The shortest version: mississippi river road path, south/minnehaha falls/minnehaha parkway/lake nokomis/minnehaha creek path/lake harriet/minnehaha creek path/lake nokomis/minnehaha parkway/minnehaha falls/mississippi river road path, north
The longest version: mississippi river road path, south/minnehaha falls/minnehaha parkway/lake nokomis/minnehaha creek path/around lake harriet/minnehaha creek path/around lake nokomis/minnehaha parkway/minnehaha falls/mississippi river road path, north
When you follow alongside water, you meander and, depending on the terrain and how the roads are laid out, cross over and under a lot of bridges and roads.
Cross over and under,
Move through and pass by,
Run near and alongside:
rivers, falling water, creeks, lakes,
rec centers, playgrounds, parking lots
waterways, pathways, parkways
streets, roads, avenues,
sidewalks, crosswalks, trails
bridges, arches, overpasses
and woods that wander beside water
that rushes, drips,
out of Lake Harriet and Lake Nokomis and into Minnehaha Falls.
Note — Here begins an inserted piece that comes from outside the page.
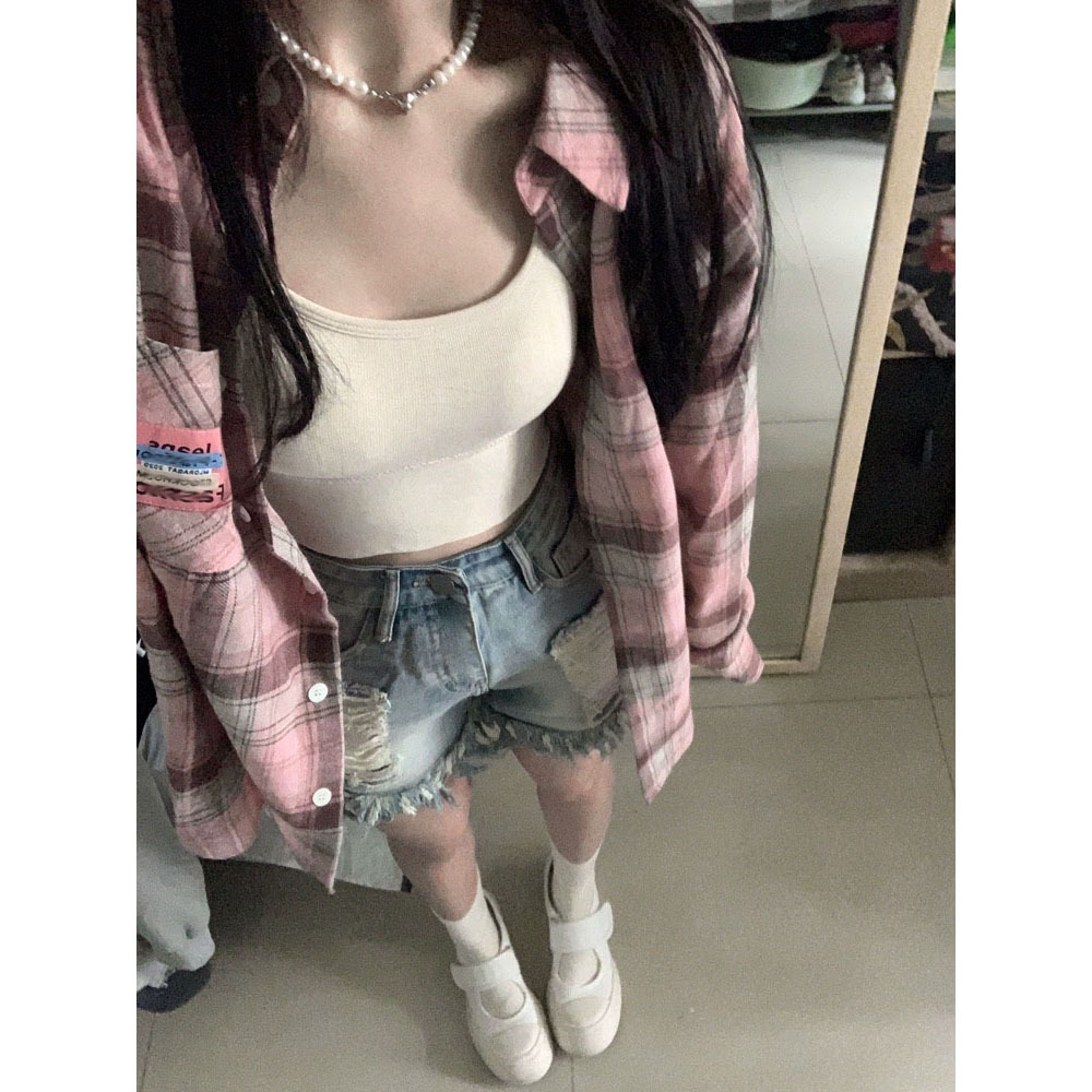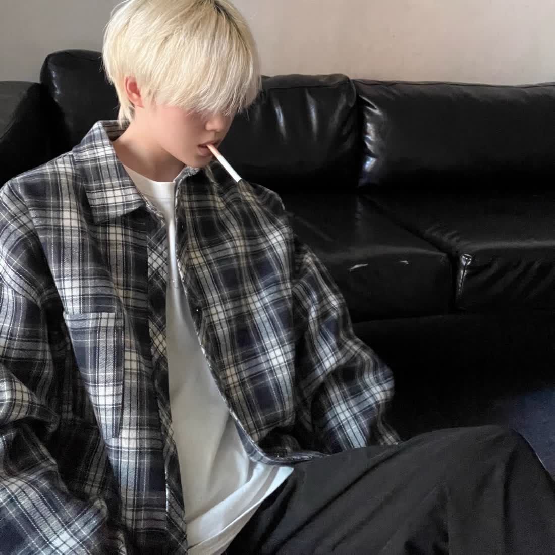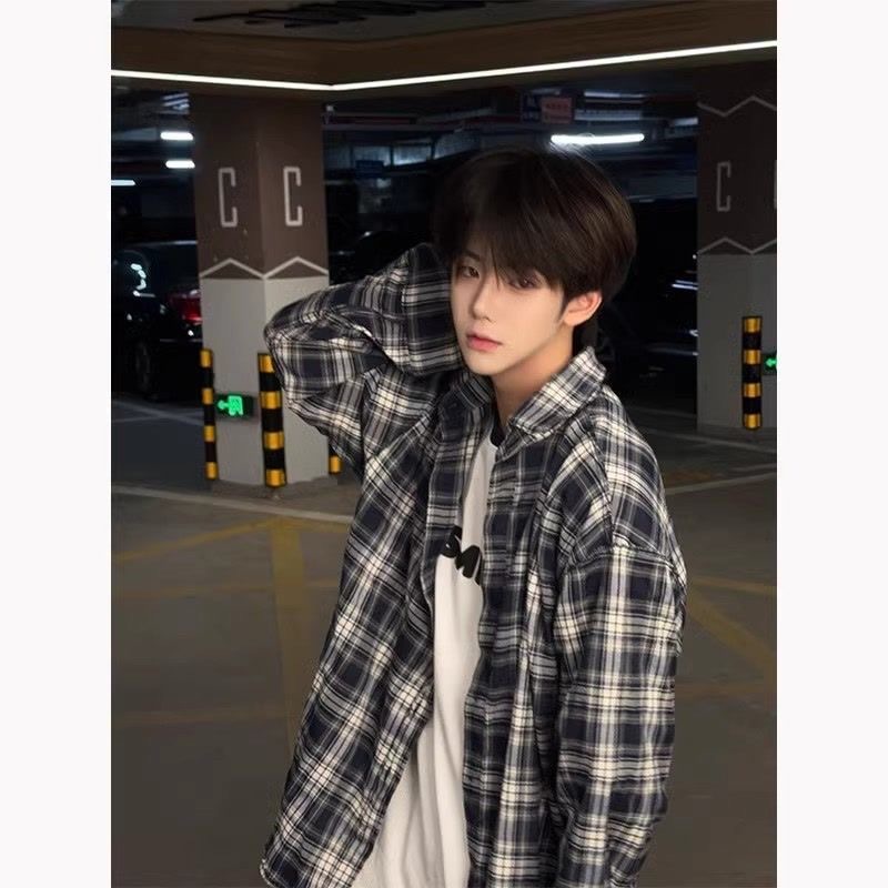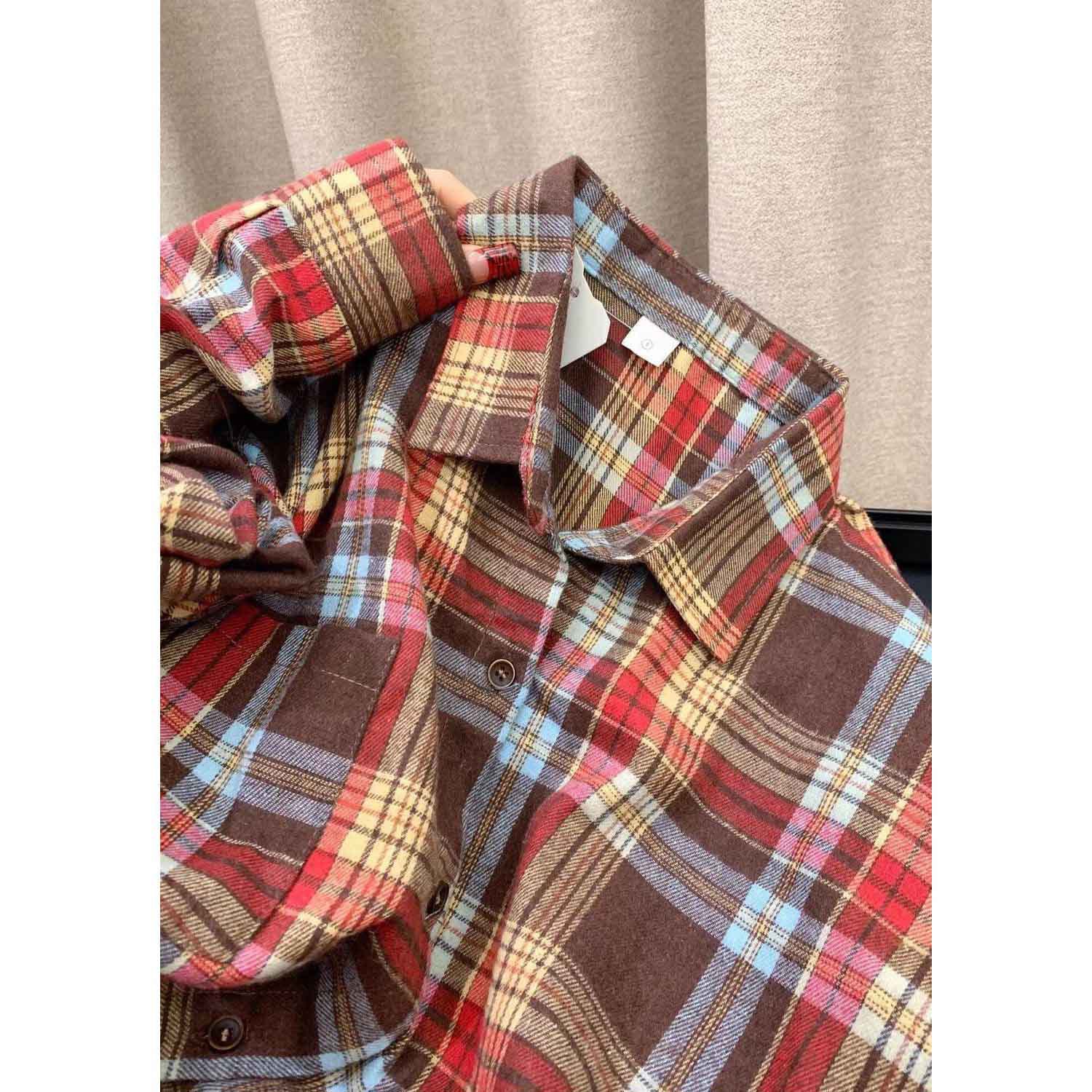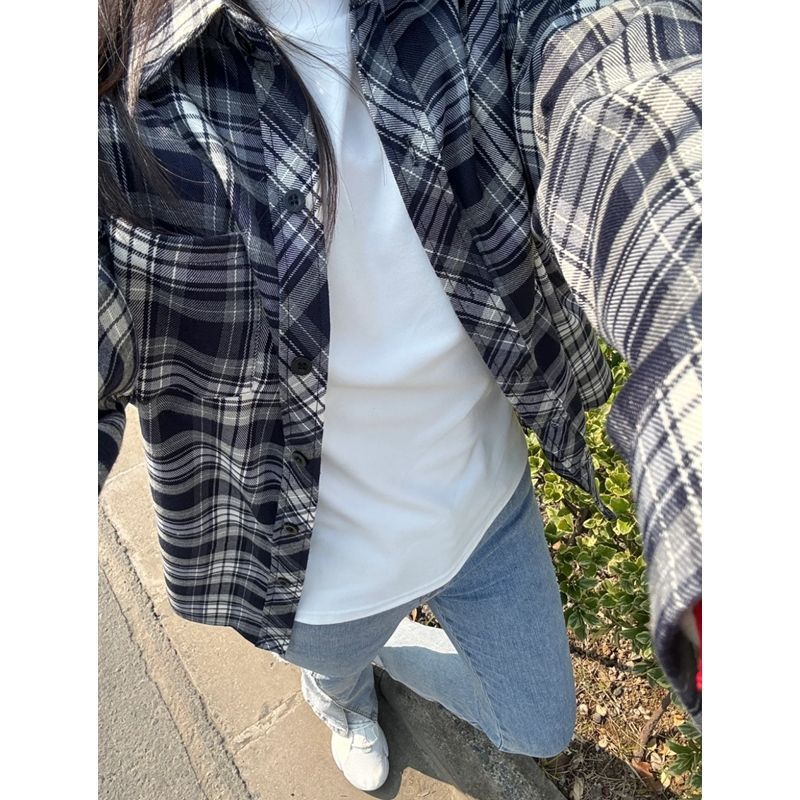 【공장 직판-맞춤 제작 가능】블루 체크 셔츠 재킷 여성용 컬리지 스타일 루즈핏 레이어드 베이스 재킷스토어 가기
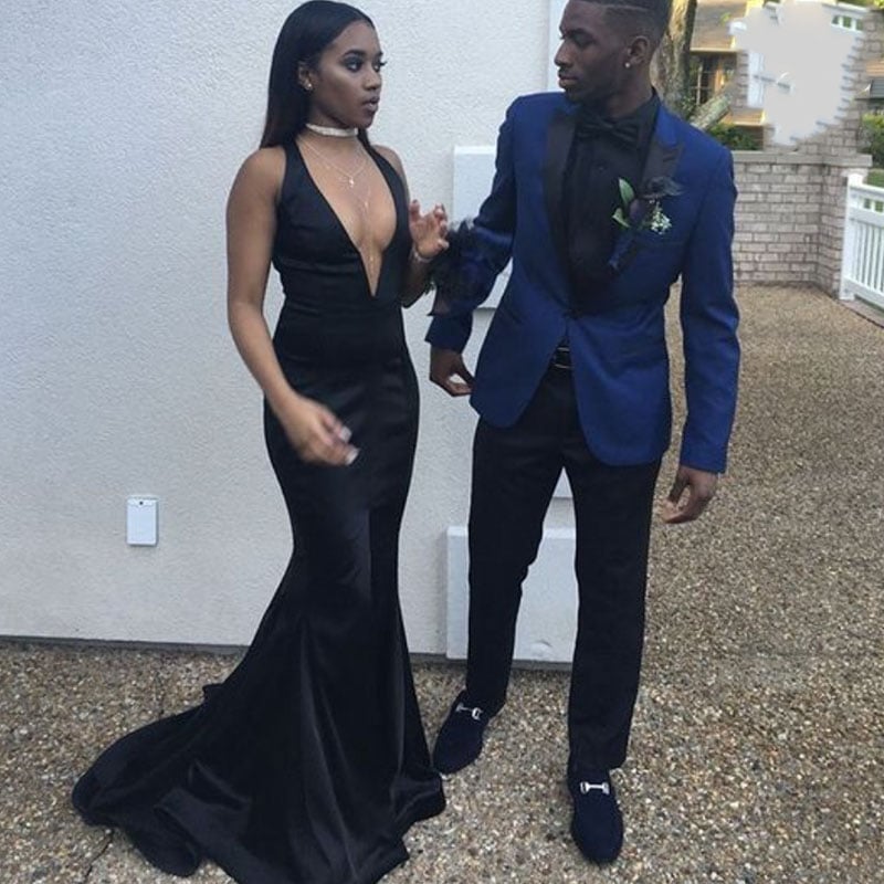 Deep V Neck Black Prom Dresses for Women

Number of times the running path crosses over Minnehaha Creek on the way to Lake Harriet: 6
Number of bridges you cross over or under: 16
Number of lights you must stop at: 5
Number of times the running path and biking path split and then come together again: 14?
Number of woods you run through: 5
Types of bridges: steel, wooden, concrete
Types of water: river, waterfall, creek, lake
Roads you run under: 46th street, Cedar Avenue, Chicago Avenue, 35W, Lyndale Avenue
Roads you run over: Hiawatha Avenue
Avenues you cross: 46th Avenue, Minnehaha Avenue, 39th-28th Avenues, 22nd Avenue, Bloomington Avenue, Portland Avenue
Roads you cross: Mississippi River Road
Streets you cross: 50th Street
Parkways you run by (or near): Minnehaha Parkway, Lake Nokomis Parkway, Lake Harriet Parkway
Number of giant bronze bunnies you run by: 1
Official name of bronze bunny: Cottontail on the trail
Number of old neighborhoods you run through: 1
Number of playgrounds you run by: 3
Places where you fill up your water bottle: Lynhurst Park, Lake Nokomis Rec Center
Number of hills you avoid because of the new path that goes under instead of over Lyndale Avenue: 1
Number of cats that have crossed your path while you’re running through the woods: 1
I’ll cross that bridge when I come to it.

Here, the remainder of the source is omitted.